1: A polypeptide immunogen comprising an amino acid sequence at least 85% identical to SEQ ID NO: 1, wherein said polypeptide provides protective immunity against S. aureus and wherein if one or more additional polypeptide regions are present said additional regions do not provide an terminus containing amino acids 1-27 of SEQ ID NO: 3.

2: The polypeptide of claim 1, wherein said amino acid sequence is at least 95% identical to SEQ ID NO: 1.

3: The polypeptide of claim 2, wherein said amino acid sequence consists essentially of SEQ ID NO: 1.

4: The polypeptide of claim 3, wherein said polypeptide consists of the amino acid sequence of SEQ ID NO: 1 or Met-SEQ ID NO: 1.

5: An immunogen comprising an amino acid sequence at least 85% identical to SEQ ID NO: 1, and one or more additional regions or moieties covalently joined to said amino acid sequence at the carboxyl terminus or amino terminus, wherein each region or moiety is independently selected from a region or moiety having at least one of the following properties: enhances the immune response, facilitates purification, or facilitates polypeptide stability.

6: A composition able to induce a protective immune response in a patient comprising an immunologically effective amount of the immunogen of claim 1 and a pharmaceutically acceptable carrier.

7: The composition of claim 6, wherein said composition further comprises an adjuvant.
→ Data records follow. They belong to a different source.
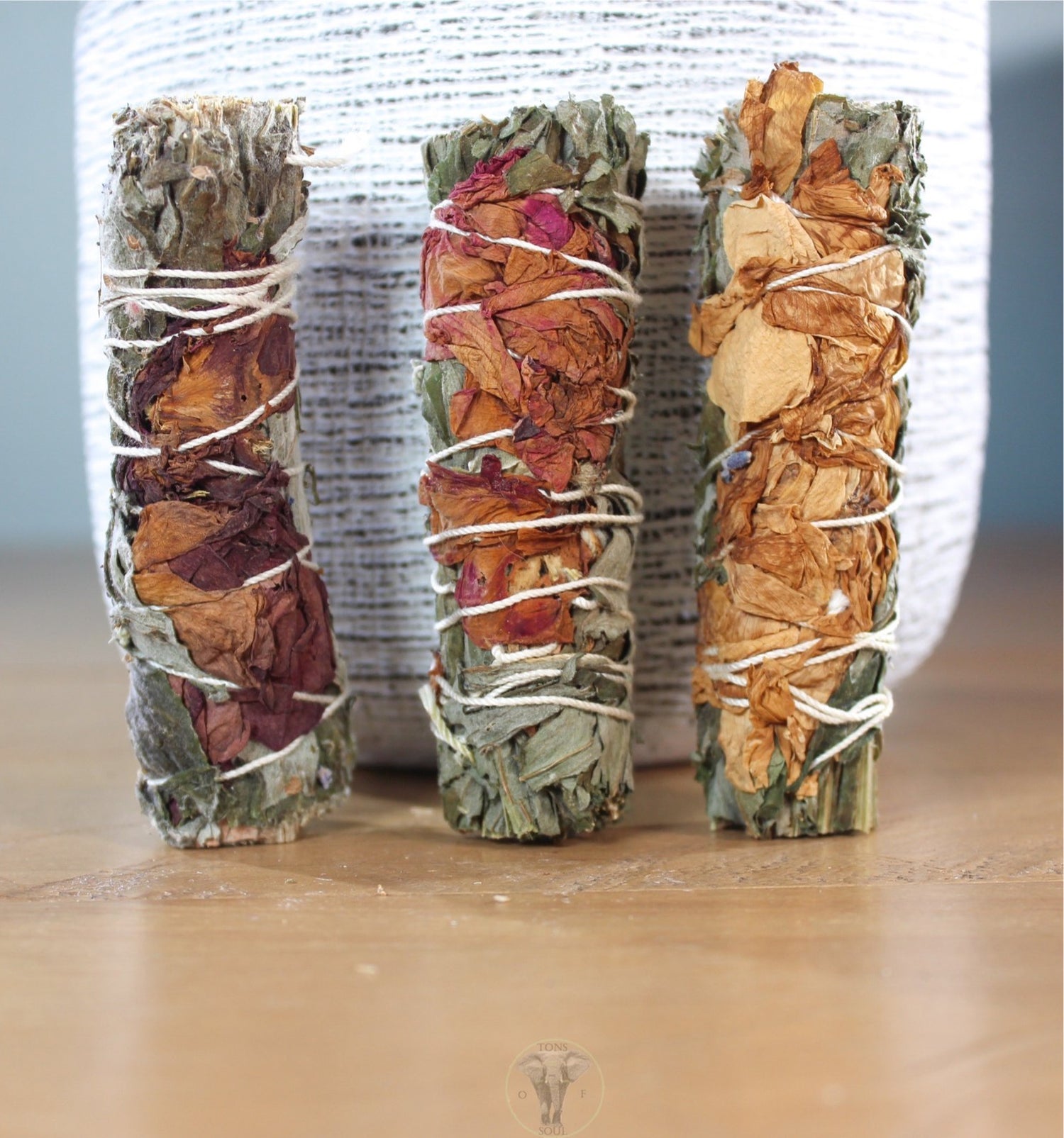The smudge sticks measure 4-5 inches in length and are all sustainably harvested.
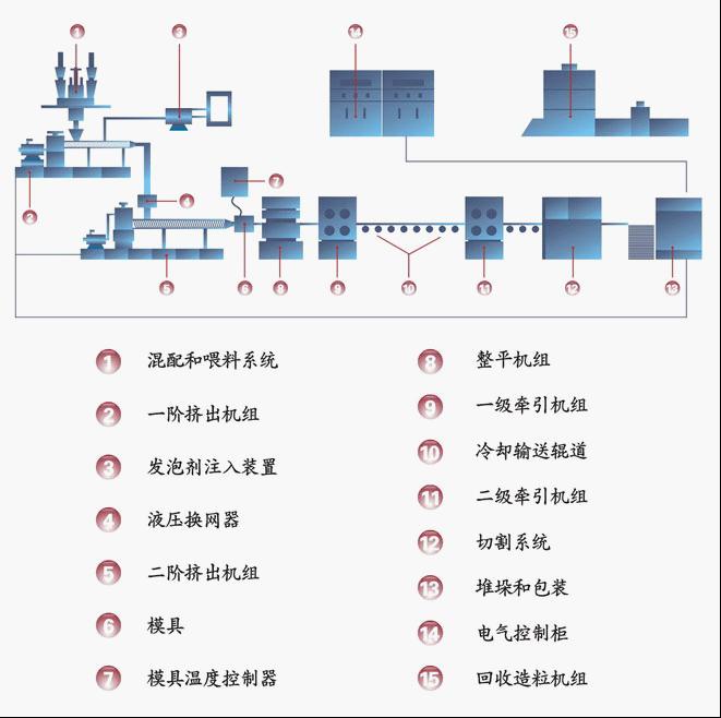 XPS發(fā)泡板材生產線使用的主要原料是全新或回收的聚苯乙烯(PS)顆粒,通常需要加入色母?;蜃枞紕┑忍砑觿?,把混配后的原料喂到一階擠出機組進行熔融塑化并攪拌,持續(xù)注入發(fā)泡劑(如氟里昂、丁烷和二氧化碳CO2等)并快速混煉加壓,然后擠出通過液壓換網器,把流體聚合物中的雜質過濾出來,接著混合物被推送到二階擠出機組,進一步地充分混合并降溫,在此階段對聚合物的溫度和壓力進行控制,而后被擠出有特定流道的模具,此時混在聚合物中保持高壓的發(fā)泡劑在瞬間壓力釋放,發(fā)泡劑氣化形成很多各自獨立的微小氣泡,被包裹在聚苯乙烯膜泡內,經冷卻定型形成截面均勻、閉孔蜂窩狀的板材,接著是整平機組和牽引輸送輥道,然后經過切割系統(tǒng)得到預定尺寸的XPS擠塑板,后是堆垛和包裝入庫。邊角廢料通過回收造粒機得到循環(huán)利用。一般情況下,XPS板材還要經過開槽、表面打毛或銑邊成型等處理以滿足不同的應用。
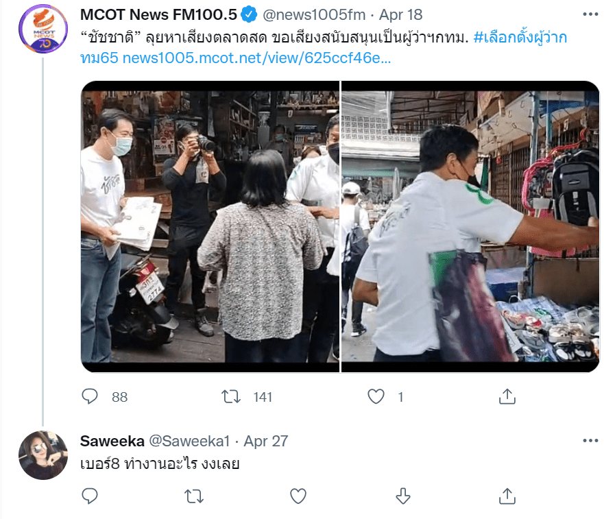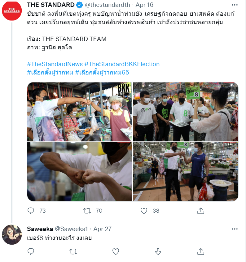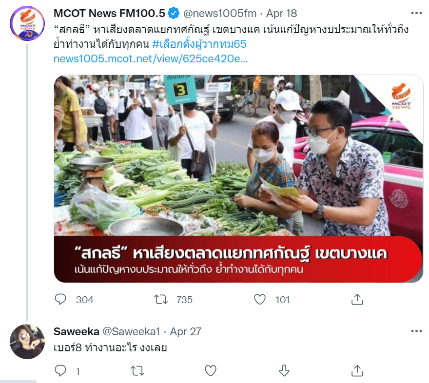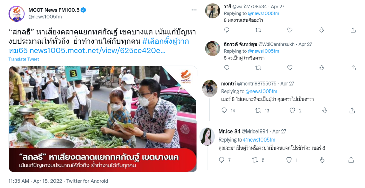 วันที่ 26-27 เมษายนที่ผ่านมา ข้อความเหล่านี้ปรากฏขึ้นบนทวิตเตอร์ (Twitter) โดยเป็นข้อความรีพลาย (reply – ตอบกลับ) ของทวีต (tweet) ลิงก์ข่าวหนึ่งที่เกี่ยวกับการหาเสียงเลือกตั้งผู้ว่ากรุงเทพฯ แต่ข้อความพวกนี้กลับสร้างเสียงหัวเราะให้ชาวโซเชียลไม่น้อย เมื่อเลื่อนขึ้นไปเห็นว่าลิงก์ข่าวนั้นไม่ได้มีเนื้อหาเกี่ยวข้องใดๆ เลยกับผู้สมัครหมายเลข 8 คือชัชชาติ สิทธิพันธุ์ แต่เป็นข่าวการหาเสียงของผู้สมัครหมายเลข 3 คือสกลธี ภัททิยกุล
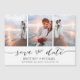 Pick the best pictures from your engagement shoot or your favourite pictures of the two of you for this perfect save the date. The words save the date are handwritten to give a personal feel to the card. The front has 3 images and the back has a large image with a white filter on top.
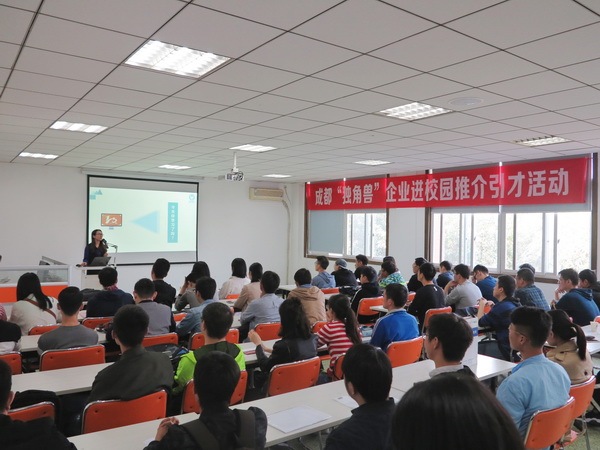 【本网讯】为深入实施人才优先战略,贯彻落实“成都人才新政12条”,促进新经济企业发展,提高新经济企业对各类人才的本地获得率,由市人社局、市人才办、市新经济委、市科技局、市教育局、团市委主办,新莆京官网和市人才市场承办的成都“独角兽”企业进校园推介引才活动于4月16日在航空港校区信息楼310成功举办。
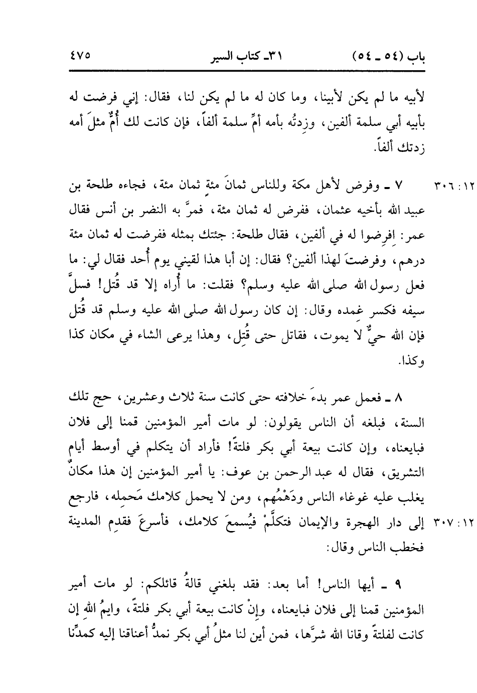 9- أَيُّهَا النَّاسُ , أَمَّا بَعْدُ فَقَدْ بَلَغَنِي قَالَةُ قَائِلُكُمْ : لَوْ مَاتَ أَمِيرُ الْمُؤْمِنِينَ قُمْنَا إلَى فُلاَنٍ فَبَايَعْنَاهُ وَإِنْ كَانَتْ بَيْعَةُ أَبِي بَكْرٍ فَلْتَةً , وَايْمُ اللهِ إِنْ كَانَتْ لَفَلْتَةً وَقَانَا اللَّهُ شَرَّهَا فَمِنْ أَيْنَ لَنَا مِثْلُ أَبِي بَكْرٍ نَمُدُّ أَعْنَاقَنَا إلَيْهِ كَمَدِّنَا إلَى أَبِي بَكْرٍ , إنَّمَا ذَاكَ تَغِرَّةٌ لِيُقْتَلَ , مَنْ انتزع أُمُورِ الْمُسْلِمِينَ مِنْ غَيْرِ مَشُورَةٍ فَلاَ بَيْعَةَ لَهُ. (12/307).
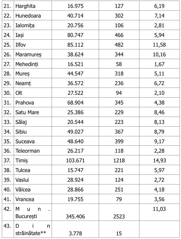 Bilanț COVID-19 din 25 ianuarie 2021, în România. Distribuția pe județe
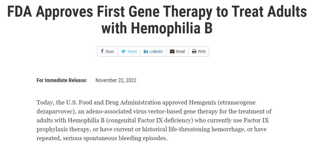 11月22日,FDA宣布,uniQure与CSL Behring的B型血友病基因疗法etranacogene dezaparvovec(AMT-061,CSL222)获FDA批准上市,用于治疗B型血友病成人患者。这是首款被批准用于B型血友病的基因疗法。
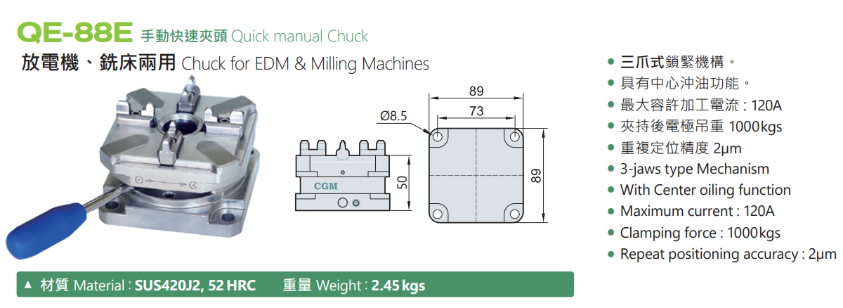 CGM QE-88E Quick manual Chuck for EDM & Milling Machines,EDM tooling fixture EROWA 3R alternative China Manufacturer
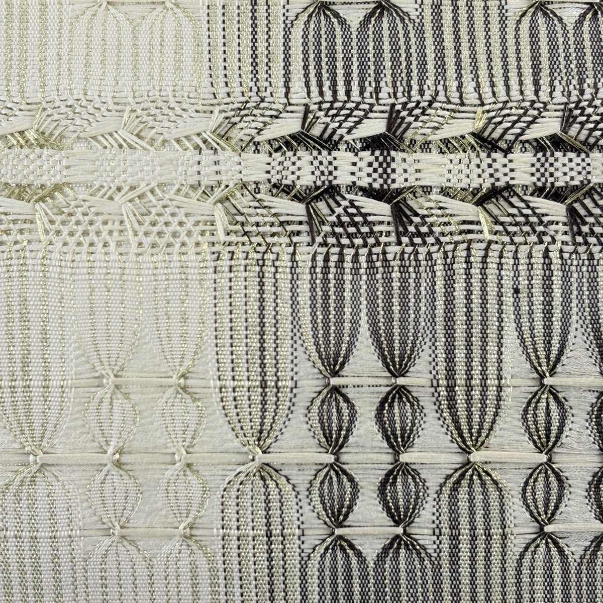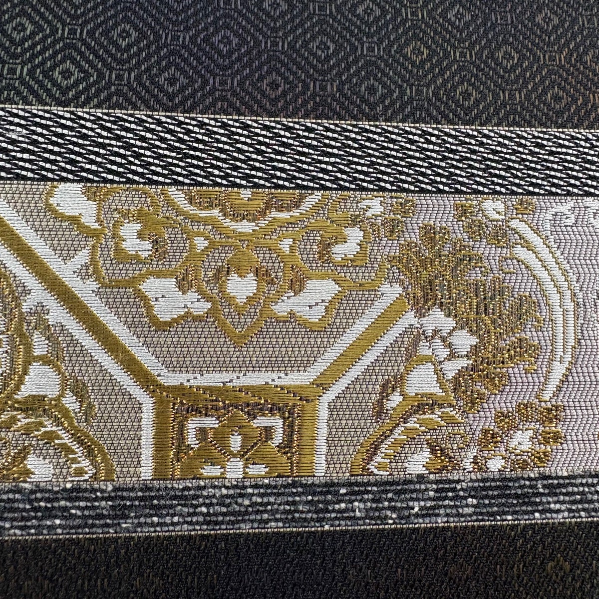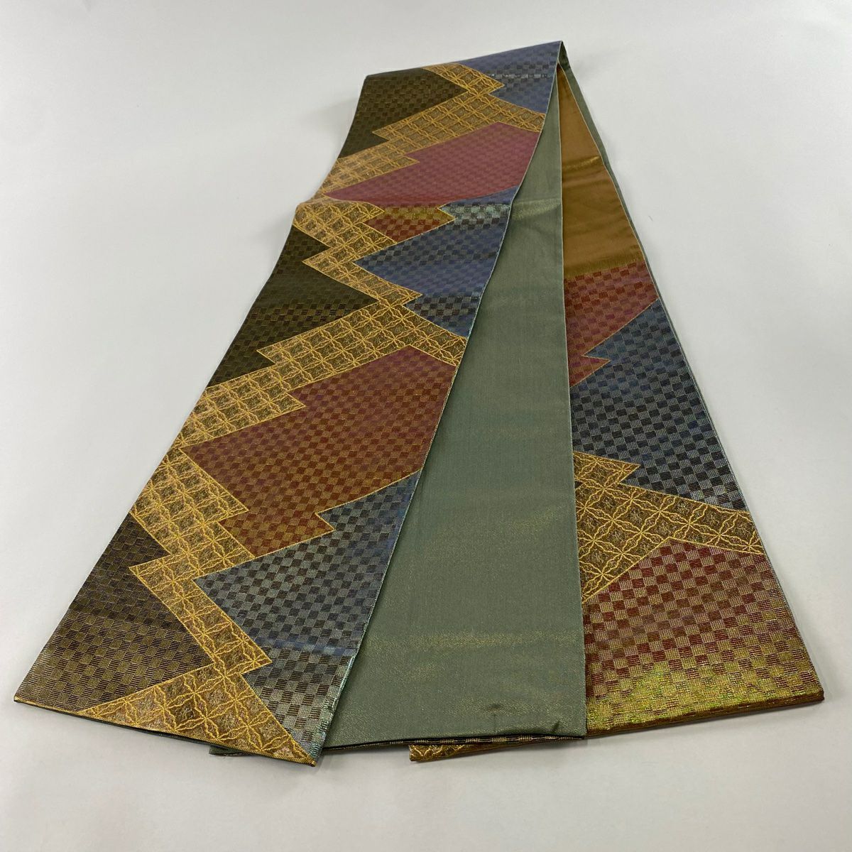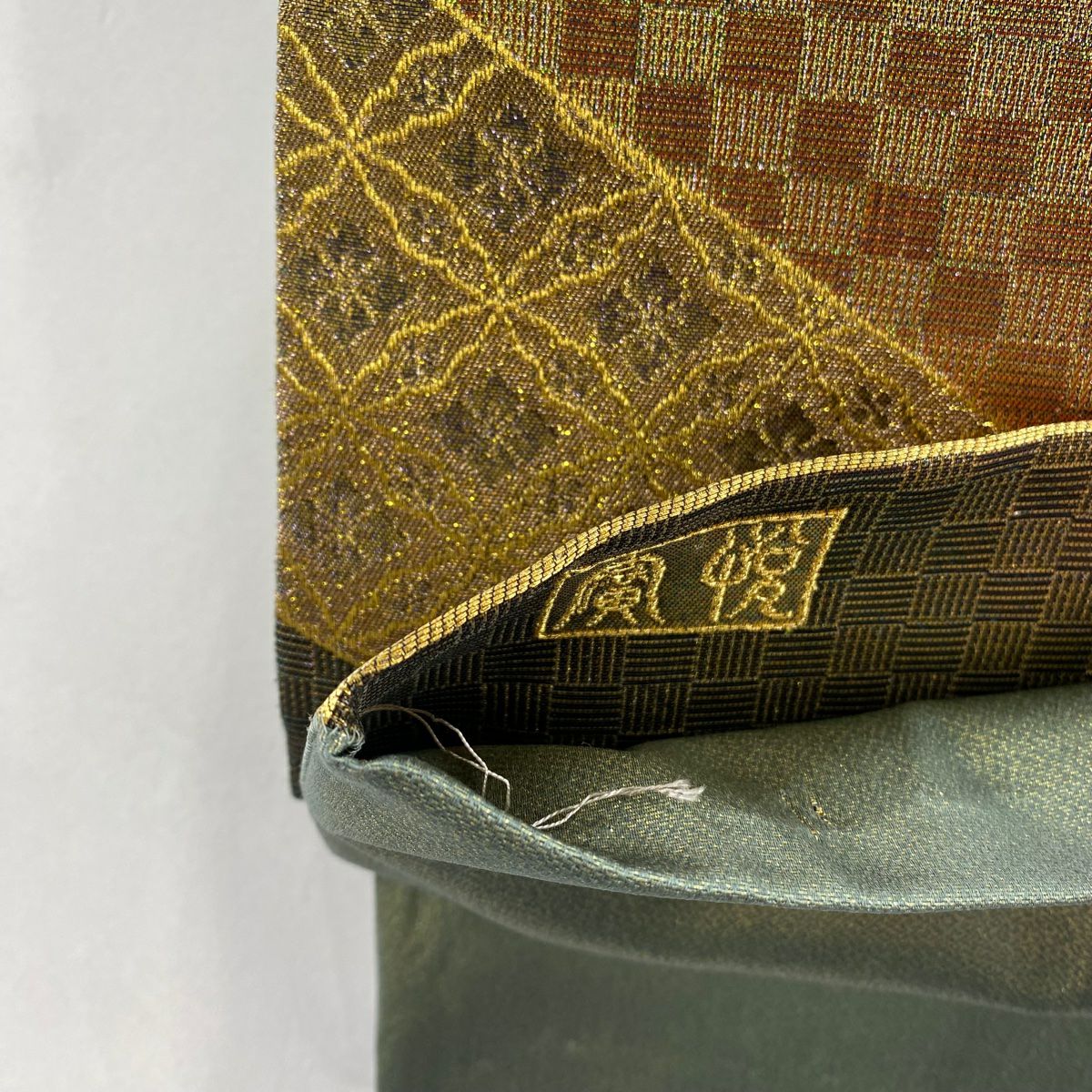 【美品】 袋帯 秀品 大久保玄才 落款あり 幾何学模様 格子 箔 金色 全通 正絹

8: A nucleic acid comprising a recombinant gene comprising a nucleotide sequence encoding the polypeptide of claim 1.

9: The nucleic acid of claim 8, wherein said nucleic acid is an expression vector.

10: A recombinant cell comprising a recombinant gene comprising a nucleotide sequence encoding the polypeptide of claim 1.

11: A method of making a S. aureus polypeptide that provides protective immunity comprising the steps of: (a) growing the recombinant cell of claim 10 under conditions wherein said polypeptide is expressed; and (b) purifying said polypeptide.

12: A method of inducing a protective immune response in a patient comprising the step of administering to said patient an immunologically effective amount of an immunogen comprising an amino acid sequence at least 85% identical to SEQ ID NO: 1.

13: The method of claim 12, wherein said patient is a human.

14: The method of claim 13, wherein said patient is treated prophylactically against S. aureus infection.

15: A method of inducing a protective immune response in a patient comprising the step of administering to said patient an immunologically effective amount of a polypeptide made by the method of claim 11.